Эмма пыталась вспомнить: определенно, Этельред избегал ее по субботним вечерам, хотя никогда и не объяснял причины.

Эдит вчиталась внимательнее в описание блуда с собственной сестрой и добавила:

– Вполне справедливо, что кровосмешение сурово наказывается.

Но я думаю, что речь здесь идет о том случае, когда мужчина – монах, а женщина – монахиня! Нет, – она откашлялась и передернула плечами, – так дальше сидеть невозможно, иначе тело совсем занемеет. Идем за стол, там читать будет легче.

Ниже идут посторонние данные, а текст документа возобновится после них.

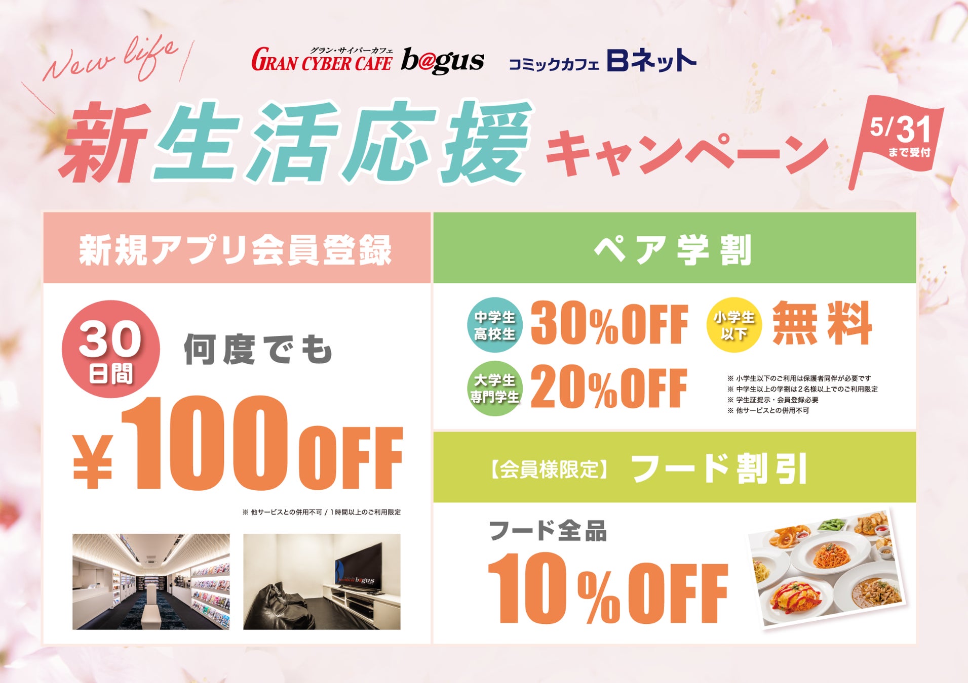 「桜ソフトクリーム食べ放題」や「大学生20%OFF」など特典満載!BAGUSインターネットカフェ全店で『春の新生活応援キャンペーン』開催!

Угрюмость Эдит будто ветром сдуло. Она листала странички, читала, переводила, когда Эмма не могла понять, и делала к ним резкие, но здравые комментарии. Ясно, говорила она, что приобрела эти записи не для того, чтобы и дальше умерщвлять свою похотливую плоть; нет, она хотела узнать, откуда исповедники получили все эти детально описанные списки грехов. Казалось, нет такого греха, который бы не был известен духовному отцу. Иногда они знали даже такие грехи, которые бедный грешник и представить-то себе не мог…

Эмма думала, что она, вероятно, находилась в привилегированном положении. Епископ Эльфеа был ее единственным исповедником здесь, в Англии, и он редко задавал ей пикантные вопросы. Может, иногда он и делал это, но она не понимала, что он имел в виду. Она вспомнила, как он временами лишь вздыхал и продолжал дальше, если она переспрашивала, о чем идет речь. Да, она была ребенком в порочных упражнениях! И странным образом эта мысль ее дразнила.

– Что здесь написано? – внезапно спросила она.

Эдит взглянула и удивленно ответила:

– «Semen per os» – это ведь нетрудно понять? Излитие семени в рот. Что за наказание следует за этим? Так, целых три года?.. Стоит ли оно того? Когда есть и более подходящее место.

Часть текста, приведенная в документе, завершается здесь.